Date of Award
Bachelor of Engineering Honours
Faculty of Communications, Health and Science
This project investigates a new class of high-order neural networks called shunting inhibitory artificial neural networks (SIANN's) and their training methods. SIANN's are biologically inspired neural networks whose dynamics are governed by a set of coupled nonlinear differential equations. The interactions among neurons are mediated via a nonlinear mechanism called shunting inhibition, which allows the neurons to operate as adaptive nonlinear filters. The project's main objective is to devise training methods, based on error backpropagation type of algorithms, which would allow SIANNs to be trained to perform feature extraction for classification and nonlinear regression tasks.

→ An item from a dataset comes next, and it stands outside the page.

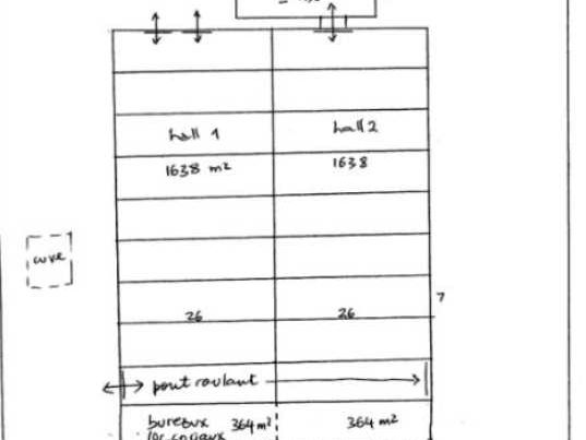- 2 ponts roulants sur une travée de 187 m² entre les deux portes sectionales

The training algorithms developed will simplify the task of designing complex, powerful neural networks for applications in pattern recognition, image processing, signal processing, machine vision and control. The five training methods adapted in this project for SIANN's are error-backpropagation based on gradient descent (GD), gradient descent with variable learning rate (GDV), gradient descent with momentum (GDM), gradient descent with direct solution step (GDD) and APOLEX algorithm. SIANN's and these training methods are implemented in MATLAB. Testing on several benchmarks including the parity problems, classification of 2-D patterns, and function approximation shows that SIANN's trained using these methods yield comparable or better performance with multilayer perceptrons (MLP's).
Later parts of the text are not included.